Apart from the images, every record below must be given again without alteration.

■ Given entries ■
+-------+

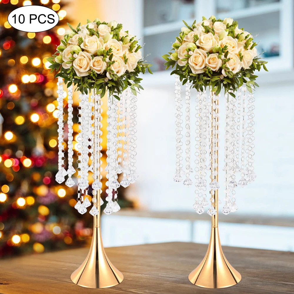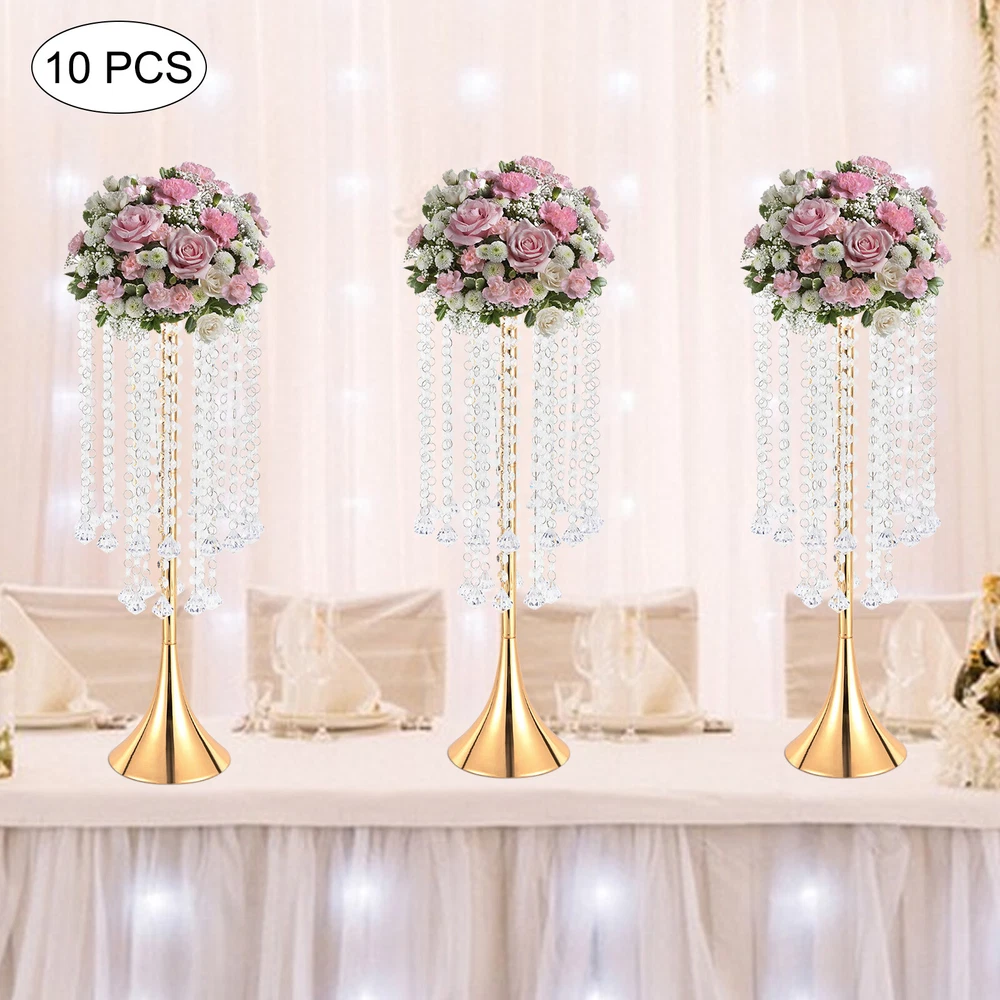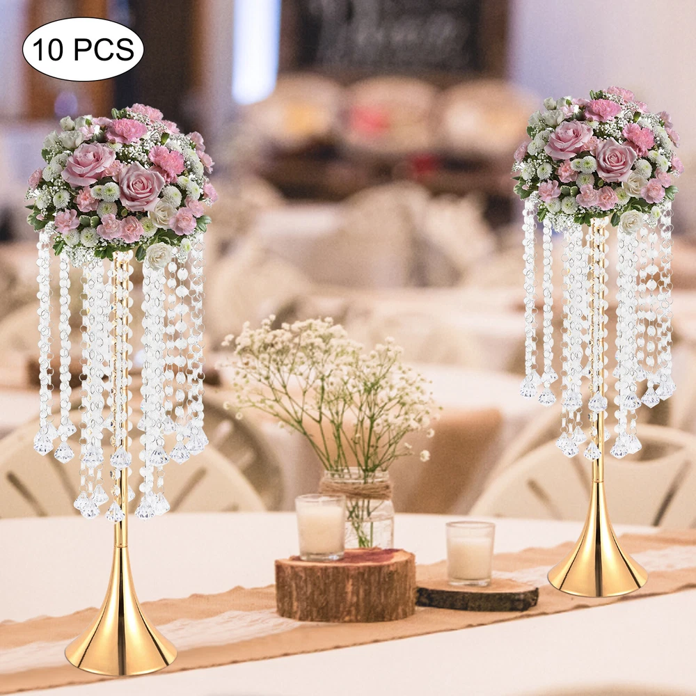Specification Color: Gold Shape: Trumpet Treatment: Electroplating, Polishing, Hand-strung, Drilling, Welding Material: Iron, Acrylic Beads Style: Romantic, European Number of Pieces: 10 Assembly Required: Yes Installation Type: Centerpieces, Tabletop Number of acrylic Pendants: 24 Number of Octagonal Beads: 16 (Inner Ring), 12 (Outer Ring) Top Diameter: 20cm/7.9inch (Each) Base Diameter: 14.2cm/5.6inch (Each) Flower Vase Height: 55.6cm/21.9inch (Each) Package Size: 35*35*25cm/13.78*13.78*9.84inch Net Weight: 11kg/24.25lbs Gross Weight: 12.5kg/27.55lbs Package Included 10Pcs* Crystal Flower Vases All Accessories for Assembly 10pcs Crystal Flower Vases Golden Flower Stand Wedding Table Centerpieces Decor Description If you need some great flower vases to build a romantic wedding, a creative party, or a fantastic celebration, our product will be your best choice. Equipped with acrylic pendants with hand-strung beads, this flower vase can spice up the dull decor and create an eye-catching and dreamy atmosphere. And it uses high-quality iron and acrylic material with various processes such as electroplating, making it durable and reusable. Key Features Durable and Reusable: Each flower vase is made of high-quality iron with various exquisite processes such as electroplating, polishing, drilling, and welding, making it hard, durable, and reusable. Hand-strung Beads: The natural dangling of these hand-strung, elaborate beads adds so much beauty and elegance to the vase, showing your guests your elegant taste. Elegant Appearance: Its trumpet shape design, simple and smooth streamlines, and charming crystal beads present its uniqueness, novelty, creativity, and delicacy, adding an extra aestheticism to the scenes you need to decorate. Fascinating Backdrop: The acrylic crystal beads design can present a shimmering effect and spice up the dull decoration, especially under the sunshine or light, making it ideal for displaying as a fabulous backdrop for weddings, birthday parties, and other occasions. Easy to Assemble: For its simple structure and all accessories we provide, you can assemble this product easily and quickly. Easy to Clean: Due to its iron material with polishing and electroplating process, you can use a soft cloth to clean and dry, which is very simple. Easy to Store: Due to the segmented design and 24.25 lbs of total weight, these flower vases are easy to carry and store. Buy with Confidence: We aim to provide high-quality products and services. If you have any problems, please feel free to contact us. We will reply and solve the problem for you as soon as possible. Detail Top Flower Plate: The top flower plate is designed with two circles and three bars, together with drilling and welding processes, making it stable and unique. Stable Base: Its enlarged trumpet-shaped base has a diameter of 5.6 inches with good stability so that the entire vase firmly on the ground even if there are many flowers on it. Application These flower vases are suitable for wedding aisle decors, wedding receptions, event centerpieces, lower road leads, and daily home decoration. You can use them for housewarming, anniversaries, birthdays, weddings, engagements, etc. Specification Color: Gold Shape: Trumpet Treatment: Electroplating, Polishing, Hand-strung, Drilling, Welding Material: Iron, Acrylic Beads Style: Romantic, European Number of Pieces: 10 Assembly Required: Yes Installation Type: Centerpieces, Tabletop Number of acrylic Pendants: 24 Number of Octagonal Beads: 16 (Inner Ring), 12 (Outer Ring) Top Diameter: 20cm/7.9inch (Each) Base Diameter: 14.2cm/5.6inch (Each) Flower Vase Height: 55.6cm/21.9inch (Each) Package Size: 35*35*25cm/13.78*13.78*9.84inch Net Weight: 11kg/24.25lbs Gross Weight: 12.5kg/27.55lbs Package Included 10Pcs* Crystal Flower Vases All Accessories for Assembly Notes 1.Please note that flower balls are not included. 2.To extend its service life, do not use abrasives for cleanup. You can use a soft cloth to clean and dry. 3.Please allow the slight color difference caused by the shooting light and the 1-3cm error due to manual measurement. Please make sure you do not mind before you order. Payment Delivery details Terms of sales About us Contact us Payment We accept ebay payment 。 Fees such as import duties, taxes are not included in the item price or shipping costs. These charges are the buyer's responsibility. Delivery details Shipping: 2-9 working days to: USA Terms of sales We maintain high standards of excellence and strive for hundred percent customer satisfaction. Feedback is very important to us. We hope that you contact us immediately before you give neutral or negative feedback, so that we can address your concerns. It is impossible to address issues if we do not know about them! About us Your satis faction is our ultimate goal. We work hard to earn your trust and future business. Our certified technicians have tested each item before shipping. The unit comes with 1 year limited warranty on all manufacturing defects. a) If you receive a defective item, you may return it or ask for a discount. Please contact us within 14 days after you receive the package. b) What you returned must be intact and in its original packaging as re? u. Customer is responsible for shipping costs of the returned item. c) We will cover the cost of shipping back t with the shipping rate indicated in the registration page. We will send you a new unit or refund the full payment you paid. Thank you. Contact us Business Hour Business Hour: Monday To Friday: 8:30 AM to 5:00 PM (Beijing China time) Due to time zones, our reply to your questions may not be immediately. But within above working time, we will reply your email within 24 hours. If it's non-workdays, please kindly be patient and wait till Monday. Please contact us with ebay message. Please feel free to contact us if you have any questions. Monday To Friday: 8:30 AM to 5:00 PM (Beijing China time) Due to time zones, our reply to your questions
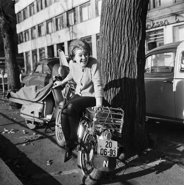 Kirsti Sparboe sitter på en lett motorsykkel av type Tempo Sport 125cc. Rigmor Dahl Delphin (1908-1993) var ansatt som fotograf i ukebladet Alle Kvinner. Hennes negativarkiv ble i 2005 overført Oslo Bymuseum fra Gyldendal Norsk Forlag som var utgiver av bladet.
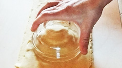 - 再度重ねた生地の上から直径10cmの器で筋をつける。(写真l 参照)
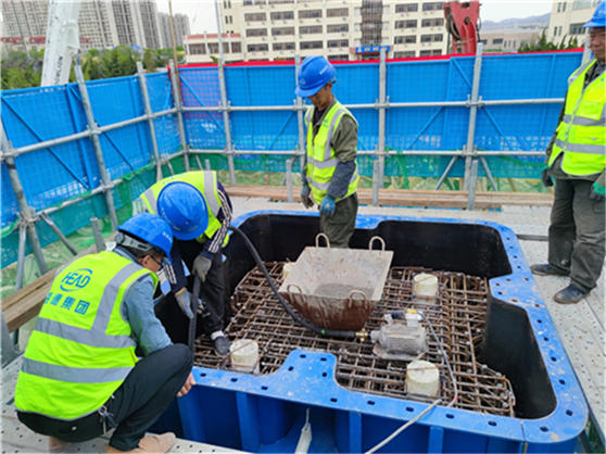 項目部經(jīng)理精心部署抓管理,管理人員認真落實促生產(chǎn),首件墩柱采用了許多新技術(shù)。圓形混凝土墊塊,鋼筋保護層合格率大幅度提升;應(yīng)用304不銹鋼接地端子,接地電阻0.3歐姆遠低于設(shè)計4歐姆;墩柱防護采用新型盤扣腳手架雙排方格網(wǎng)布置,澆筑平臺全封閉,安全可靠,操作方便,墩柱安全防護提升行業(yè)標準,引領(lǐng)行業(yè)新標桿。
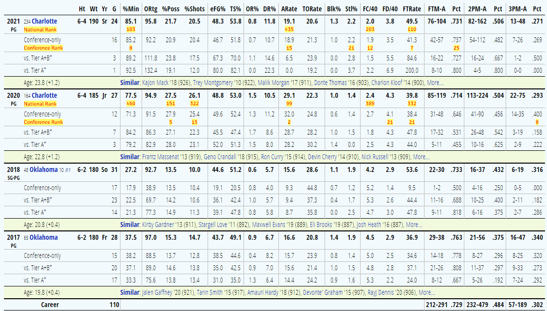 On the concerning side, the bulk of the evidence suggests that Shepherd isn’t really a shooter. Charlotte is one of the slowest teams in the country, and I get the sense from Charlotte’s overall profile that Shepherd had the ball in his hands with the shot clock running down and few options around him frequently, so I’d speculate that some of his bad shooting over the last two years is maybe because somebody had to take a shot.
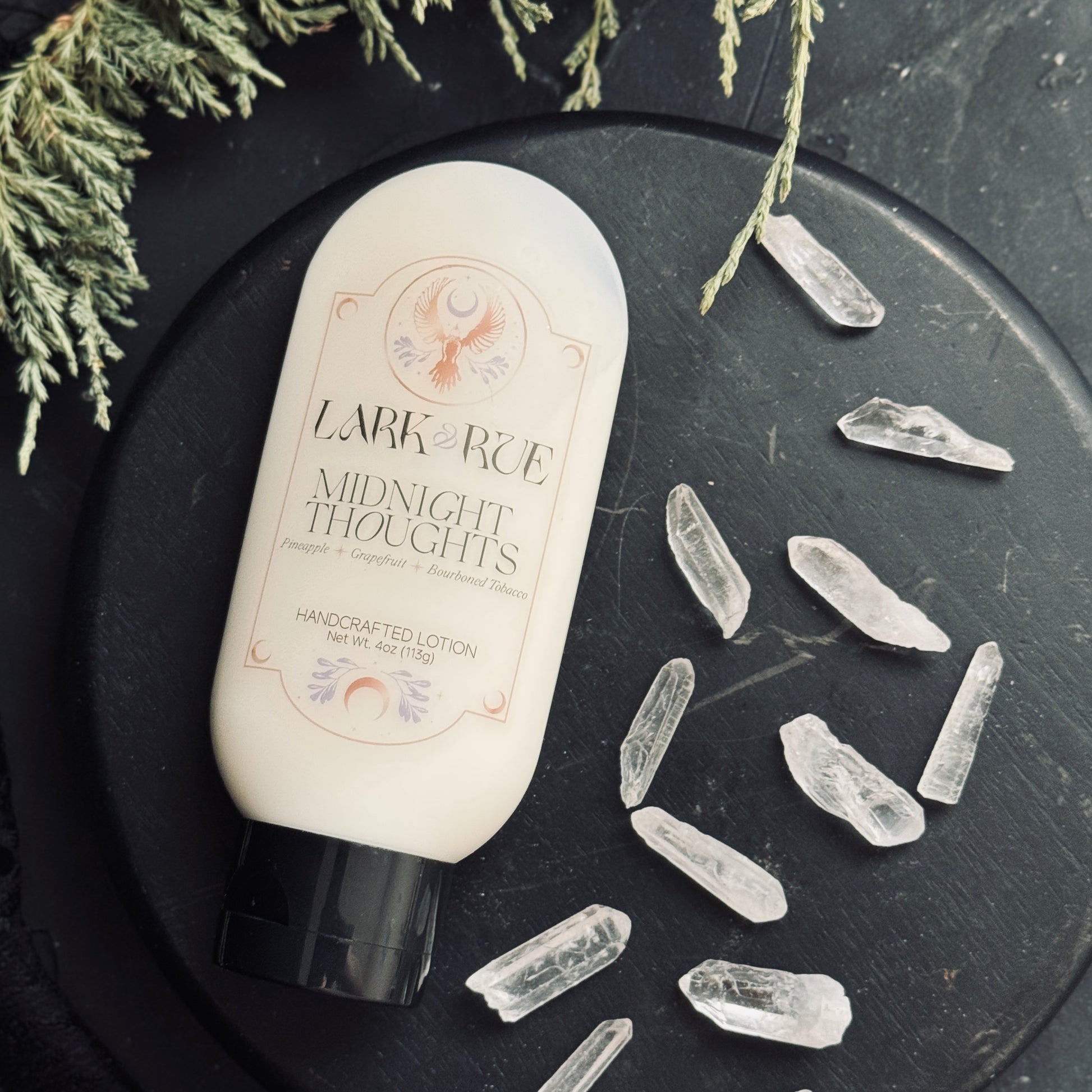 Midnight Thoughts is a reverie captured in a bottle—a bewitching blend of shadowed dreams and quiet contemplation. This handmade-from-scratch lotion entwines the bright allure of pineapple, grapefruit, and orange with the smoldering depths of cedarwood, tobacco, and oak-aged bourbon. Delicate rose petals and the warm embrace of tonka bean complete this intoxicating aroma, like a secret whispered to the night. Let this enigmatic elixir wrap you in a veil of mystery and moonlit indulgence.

+-------+

■ Answer space ■
Specification Color: Gold Shape: Trumpet Treatment: Electroplating, Polishing, Hand-strung, Drilling, Welding Material: Iron, Acrylic Beads Style: Romantic, European Number of Pieces: 10 Assembly Required: Yes Installation Type: Centerpieces, Tabletop Number of acrylic Pendants: 24 Number of Octagonal Beads: 16 (Inner Ring), 12 (Outer Ring) Top Diameter: 20cm/7.9inch (Each) Base Diameter: 14.2cm/5.6inch (Each) Flower Vase Height: 55.6cm/21.9inch (Each) Package Size: 35*35*25cm/13.78*13.78*9.84inch Net Weight: 11kg/24.25lbs Gross Weight: 12.5kg/27.55lbs Package Included 10Pcs* Crystal Flower Vases All Accessories for Assembly 10pcs Crystal Flower Vases Golden Flower Stand Wedding Table Centerpieces Decor Description If you need some great flower vases to build a romantic wedding, a creative party, or a fantastic celebration, our product will be your best choice. Equipped with acrylic pendants with hand-strung beads, this flower vase can spice up the dull decor and create an eye-catching and dreamy atmosphere. And it uses high-quality iron and acrylic material with various processes such as electroplating, making it durable and reusable. Key Features Durable and Reusable: Each flower vase is made of high-quality iron with various exquisite processes such as electroplating, polishing, drilling, and welding, making it hard, durable, and reusable. Hand-strung Beads: The natural dangling of these hand-strung, elaborate beads adds so much beauty and elegance to the vase, showing your guests your elegant taste. Elegant Appearance: Its trumpet shape design, simple and smooth streamlines, and charming crystal beads present its uniqueness, novelty, creativity, and delicacy, adding an extra aestheticism to the scenes you need to decorate. Fascinating Backdrop: The acrylic crystal beads design can present a shimmering effect and spice up the dull decoration, especially under the sunshine or light, making it ideal for displaying as a fabulous backdrop for weddings, birthday parties, and other occasions. Easy to Assemble: For its simple structure and all accessories we provide, you can assemble this product easily and quickly. Easy to Clean: Due to its iron material with polishing and electroplating process, you can use a soft cloth to clean and dry, which is very simple. Easy to Store: Due to the segmented design and 24.25 lbs of total weight, these flower vases are easy to carry and store. Buy with Confidence: We aim to provide high-quality products and services. If you have any problems, please feel free to contact us. We will reply and solve the problem for you as soon as possible. Detail Top Flower Plate: The top flower plate is designed with two circles and three bars, together with drilling and welding processes, making it stable and unique. Stable Base: Its enlarged trumpet-shaped base has a diameter of 5.6 inches with good stability so that the entire vase firmly on the ground even if there are many flowers on it. Application These flower vases are suitable for wedding aisle decors, wedding receptions, event centerpieces, lower road leads, and daily home decoration. You can use them for housewarming, anniversaries, birthdays, weddings, engagements, etc. Specification Color: Gold Shape: Trumpet Treatment: Electroplating, Polishing, Hand-strung, Drilling, Welding Material: Iron, Acrylic Beads Style: Romantic, European Number of Pieces: 10 Assembly Required: Yes Installation Type: Centerpieces, Tabletop Number of acrylic Pendants: 24 Number of Octagonal Beads: 16 (Inner Ring), 12 (Outer Ring) Top Diameter: 20cm/7.9inch (Each) Base Diameter: 14.2cm/5.6inch (Each) Flower Vase Height: 55.6cm/21.9inch (Each) Package Size: 35*35*25cm/13.78*13.78*9.84inch Net Weight: 11kg/24.25lbs Gross Weight: 12.5kg/27.55lbs Package Included 10Pcs* Crystal Flower Vases All Accessories for Assembly Notes 1.Please note that flower balls are not included. 2.To extend its service life, do not use abrasives for cleanup. You can use a soft cloth to clean and dry. 3.Please allow the slight color difference caused by the shooting light and the 1-3cm error due to manual measurement. Please make sure you do not mind before you order. Payment Delivery details Terms of sales About us Contact us Payment We accept ebay payment 。 Fees such as import duties, taxes are not included in the item price or shipping costs. These charges are the buyer's responsibility. Delivery details Shipping: 2-9 working days to: USA Terms of sales We maintain high standards of excellence and strive for hundred percent customer satisfaction. Feedback is very important to us. We hope that you contact us immediately before you give neutral or negative feedback, so that we can address your concerns. It is impossible to address issues if we do not know about them! About us Your satis faction is our ultimate goal. We work hard to earn your trust and future business. Our certified technicians have tested each item before shipping. The unit comes with 1 year limited warranty on all manufacturing defects. a) If you receive a defective item, you may return it or ask for a discount. Please contact us within 14 days after you receive the package. b) What you returned must be intact and in its original packaging as re? u. Customer is responsible for shipping costs of the returned item. c) We will cover the cost of shipping back t with the shipping rate indicated in the registration page. We will send you a new unit or refund the full payment you paid. Thank you. Contact us Business Hour Business Hour: Monday To Friday: 8:30 AM to 5:00 PM (Beijing China time) Due to time zones, our reply to your questions may not be immediately. But within above working time, we will reply your email within 24 hours. If it's non-workdays, please kindly be patient and wait till Monday. Please contact us with ebay message. Please feel free to contact us if you have any questions. Monday To Friday: 8:30 AM to 5:00 PM (Beijing China time) Due to time zones, our reply to your questions
 Kirsti Sparboe sitter på en lett motorsykkel av type Tempo Sport 125cc. Rigmor Dahl Delphin (1908-1993) var ansatt som fotograf i ukebladet Alle Kvinner. Hennes negativarkiv ble i 2005 overført Oslo Bymuseum fra Gyldendal Norsk Forlag som var utgiver av bladet.
 - 再度重ねた生地の上から直径10cmの器で筋をつける。(写真l 参照)
 項目部經(jīng)理精心部署抓管理,管理人員認真落實促生產(chǎn),首件墩柱采用了許多新技術(shù)。圓形混凝土墊塊,鋼筋保護層合格率大幅度提升;應(yīng)用304不銹鋼接地端子,接地電阻0.3歐姆遠低于設(shè)計4歐姆;墩柱防護采用新型盤扣腳手架雙排方格網(wǎng)布置,澆筑平臺全封閉,安全可靠,操作方便,墩柱安全防護提升行業(yè)標準,引領(lǐng)行業(yè)新標桿。
 On the concerning side, the bulk of the evidence suggests that Shepherd isn’t really a shooter. Charlotte is one of the slowest teams in the country, and I get the sense from Charlotte’s overall profile that Shepherd had the ball in his hands with the shot clock running down and few options around him frequently, so I’d speculate that some of his bad shooting over the last two years is maybe because somebody had to take a shot.
 Midnight Thoughts is a reverie captured in a bottle—a bewitching blend of shadowed dreams and quiet contemplation. This handmade-from-scratch lotion entwines the bright allure of pineapple, grapefruit, and orange with the smoldering depths of cedarwood, tobacco, and oak-aged bourbon. Delicate rose petals and the warm embrace of tonka bean complete this intoxicating aroma, like a secret whispered to the night. Let this enigmatic elixir wrap you in a veil of mystery and moonlit indulgence.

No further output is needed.